Sen. Josh Hawley (R-MO) is urging the Justice Department to open a formal investigation into what he describes as well-funded and professionally coordinated anti-Immigration and Customs Enforcement demonstrations that he says are posing public safety and national security risks.
In a letter to Attorney General Pam Bondi on Tuesday, Hawley argued that recent protests against federal immigration enforcement aren’t spontaneous or decentralized, but reflect “a coordinated national operation” backed by opaque funding networks, nonprofit organizations, and “short-lived ‘grassroots’ fronts” designed to obscure donor identities.
It’s time for a full DOJ investigation into the left wing dark money groups funding “grassroots protests” across the nation 👉 pic.twitter.com/yoTimAwCsG
&mdah; Josh Hawley (@HawleyMO) February 3, 2026
“Recent reporting indicates that these protests are neither spontaneous nor decentralized,” Hawley wrote. “Instead, they reflect a coordinated national operation supported by layered nonprofit pass-through entities, fiscal sponsorship arrangements, and short-lived ‘grassroots’ fronts designed to obscure donor identity, funding sources, and operational control.”
Hawley said the similarities in protests across American cities, uniform messaging, and logistical coordination in Minneapolis, Portland, and parts of California point to centralized planning that may cross legal lines. He warned that if foreign groups are linked to the funding streams, the activity could violate federal prohibitions on foreign influence and potentially amount to racketeering.
Citing public-safety and national-security implications, Hawley urged the DOJ to promptly open a full investigation. The department did not respond to the Washington Examiner‘s request for comment Tuesday.
Hawley’s letter comes as senior DOJ officials have publicly linked recent anti-ICE unrest to potentially broader criminal activity that is already under federal inquiry. Todd Blanche said on Fox News’s The Ingraham Angle that federal investigators are in the process of investigating what he described as a “massive underground fraud network” in Minneapolis that appeared to pivot rapidly into organized opposition to immigration enforcement.
“We had a massive fraud going on all through Minneapolis, all through Minnesota, and suddenly it turned,” Blanche said Monday on Fox News. “It became suddenly all about ICE, all about getting ICE out.”
Blanche said investigators are making progress tracing financial streams tied to the alleged network and emphasized that following the money is now a priority.
“It’s not just a coincidence that these massive numbers of protesters and agitators show up at the same time,” he said.

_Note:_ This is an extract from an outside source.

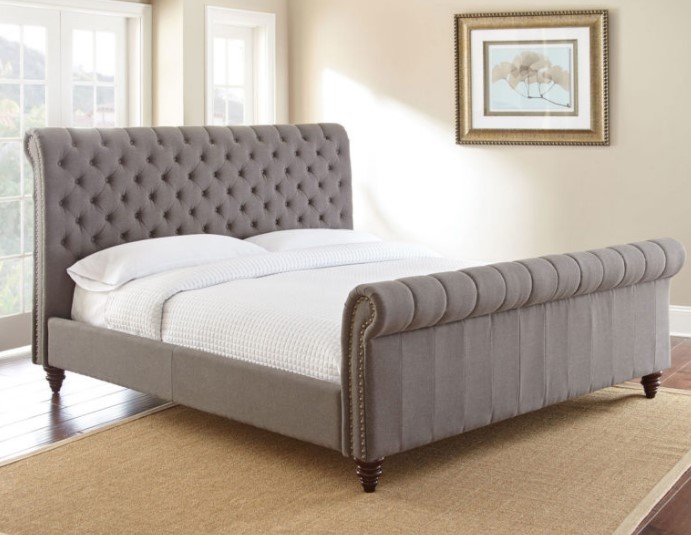 Relax in comfort with the Swanson Upholstered Bed from Steve Silver Company. A tufted headboard and nailhead trims are just some of the details built into this bed. The rolled headboard and footboard make the bed and stylish statement and the 39-piece rail system ensures a sturdy foundation for your good night’s sleep.Read More
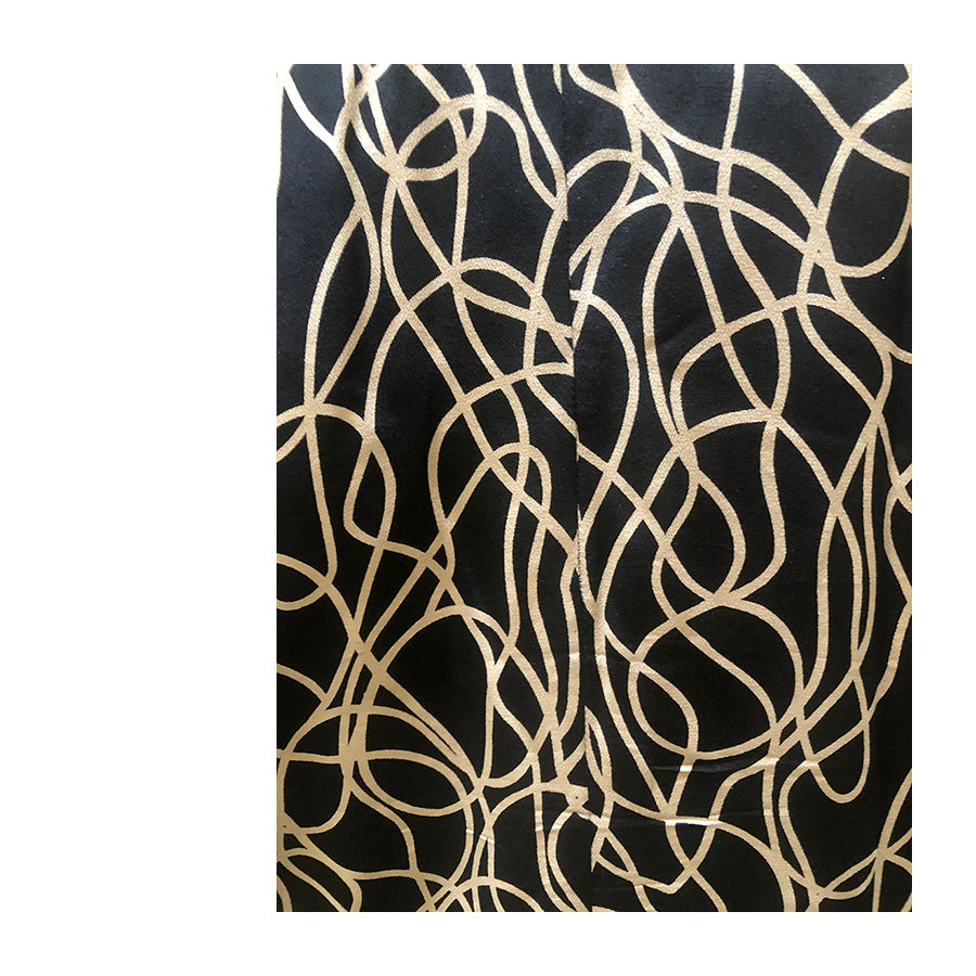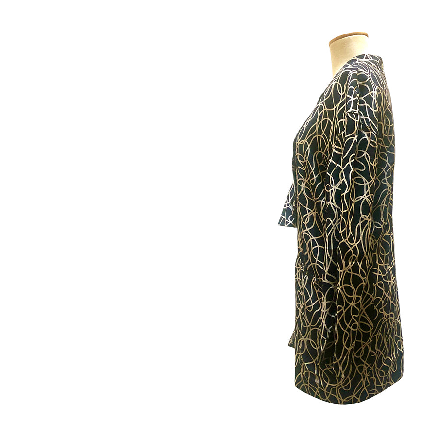 Blazer oversize vintage Trussardi in pura seta nera con stampa astratta panna, leggerissimo e fluido, perfetto come capospalla elegante ma non convenzionale. Taglio morbido, collo sciallato e tessuto lucente.

As Republicans like Hawley raise concerns about a potentially robust financial and organizational structure behind anti-ICE activity, Democratic state leaders are also moving to formalize close monitoring of immigration enforcement operations.
Separately on Tuesday, Democratic New York Attorney General Letitia James announced that her office will deploy state-trained legal observers to document federal immigration enforcement activity in the state. The program will send observers wearing purple safety vests to reported locations of immigration enforcement to record interactions between ICE agents and civilians.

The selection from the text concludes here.